Proceede to fold the adhesive tape in half and lower it down the chimney adding a generous smear of peanut butter in the middle for added incentive. Tie the end of the tape onto something solid to anchor it for when the squirrel climbs out.



Wait.

For the rest of the day, I didn't hear the squirrel stir, so I assumed the little fella had gone on his way. I put in a productive evening to make up for the disruptions during the day. I felt relieved, not just that the squirrel had gone, but that he would no longer be trapped and scared and alone. He was probably with his family at that very moment, telling them all about his adventure and the kind human who helped him to freedom.

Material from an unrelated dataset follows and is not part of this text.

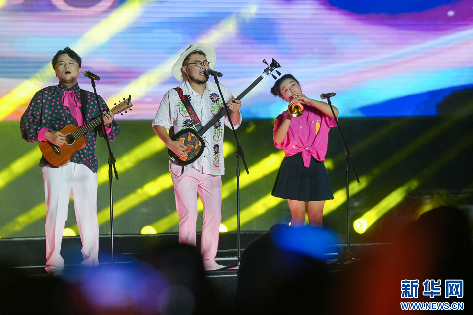 10月5日晚,台湾歌手叶佳修演唱歌曲《外婆的澎湖湾》。新华网 肖和勇 摄

That's why, at 6 am the next morning, I was annoyed when the banging started at full force. No, I was more than annoyed. I was enraged. That little ungrateful bastard didn't want to leave. He was probably renovating the place for his family and soon I'd have a whole slew of little squirrels fucking around in there. There was no way I could sleep with al the noise. Nor could I work. I lay there for a little while, seething at the injustice. Finally,  I marched into the kitchen, pulled over a chair, and pounded on the metal circle yelling "Shut up!"

He was quiet for about five minutes. Then the noises started up again, loud and defiant. Again I pounded on the circle and to my surprise it loosened. In fact, with a little pulling, it came right off. I downloaded a flashlight app on my phone and shone it in the hole. I could see my drywall tape but the squirrel must have been hiding in a little borrow. I propped open the door to the kitchen which leads out onto the balcony and decided to take Lily out for a walk. Hopefully the squirrel would come out, help himself to the piece of bread I left on the counter and then scurry out the door.


 When I came home an hour and a half later, I couldn't determine the squirrel status. There were no footprints anywhere and the slice of bread I put on the counter was still there. I replaced the metal circle and for the rest of the day, no sounds came from the chimney. This time he must have gone. Now he'd really have something to tell his family over dinner that night. He had been inside a human's house, in the kitchen, something most squirrels merely dream of. I would have to glue the metal circle back on and re-paint, but at least the little guy was free.

But this morning, at 6 a.m. sharp, incessant banging. I think the guy at Rona was right. The squirrel is choosing to be there. He insisting on being there. Which now, of course, means war. And by war I mean future annoyance, cursing, complaining and brainstorming on new ways to try to get a squirrel out of a chimney.